Provided records –
****
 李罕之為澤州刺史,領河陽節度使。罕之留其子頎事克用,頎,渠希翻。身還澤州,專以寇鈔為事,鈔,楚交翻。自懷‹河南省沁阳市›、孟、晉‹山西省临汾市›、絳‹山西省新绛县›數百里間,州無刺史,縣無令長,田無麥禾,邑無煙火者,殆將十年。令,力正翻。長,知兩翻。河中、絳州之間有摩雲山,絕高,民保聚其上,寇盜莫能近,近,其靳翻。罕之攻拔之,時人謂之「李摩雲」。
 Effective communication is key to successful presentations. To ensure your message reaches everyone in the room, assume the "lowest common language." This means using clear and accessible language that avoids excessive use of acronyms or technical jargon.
****
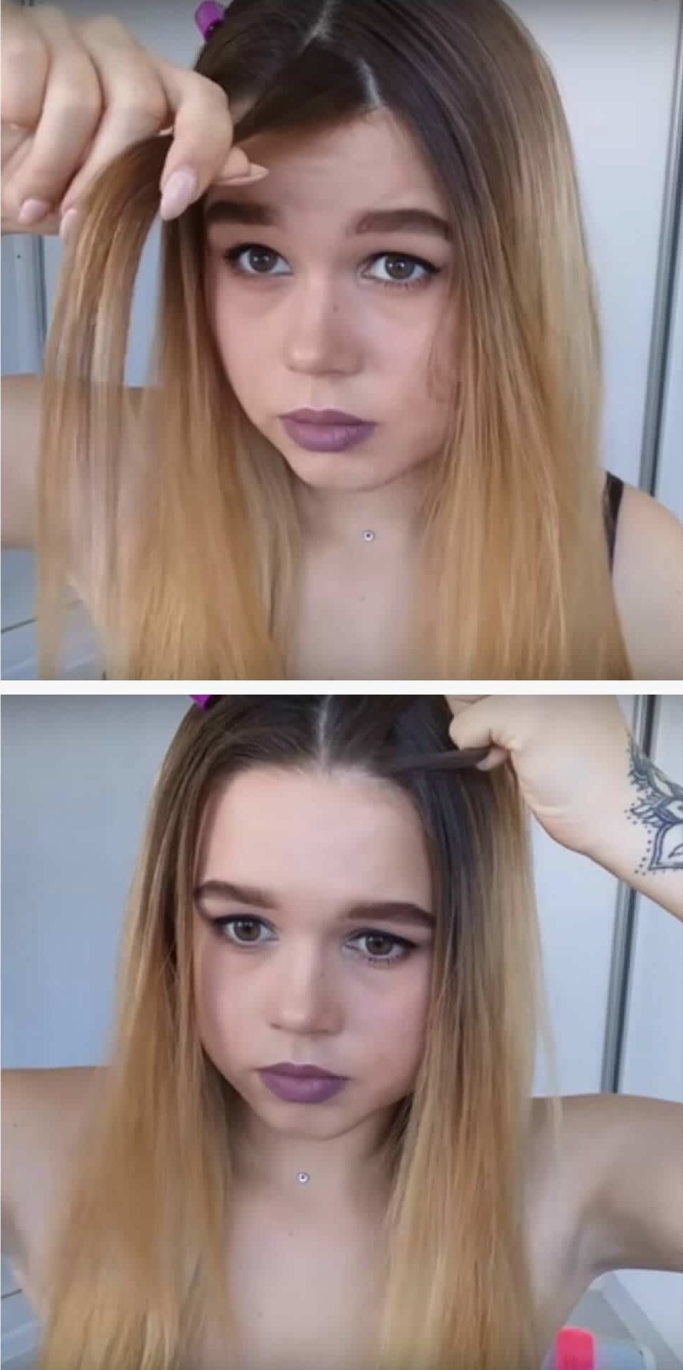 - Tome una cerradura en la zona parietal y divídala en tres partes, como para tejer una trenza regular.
****
Using the listing above, return word for word each line from the one that has "李罕之為澤州刺史,領河陽節度" through the one that has "Effective communication is", and no line outside that range.

 李罕之為澤州刺史,領河陽節度使。罕之留其子頎事克用,頎,渠希翻。身還澤州,專以寇鈔為事,鈔,楚交翻。自懷‹河南省沁阳市›、孟、晉‹山西省临汾市›、絳‹山西省新绛县›數百里間,州無刺史,縣無令長,田無麥禾,邑無煙火者,殆將十年。令,力正翻。長,知兩翻。河中、絳州之間有摩雲山,絕高,民保聚其上,寇盜莫能近,近,其靳翻。罕之攻拔之,時人謂之「李摩雲」。
 Effective communication is key to successful presentations. To ensure your message reaches everyone in the room, assume the "lowest common language." This means using clear and accessible language that avoids excessive use of acronyms or technical jargon.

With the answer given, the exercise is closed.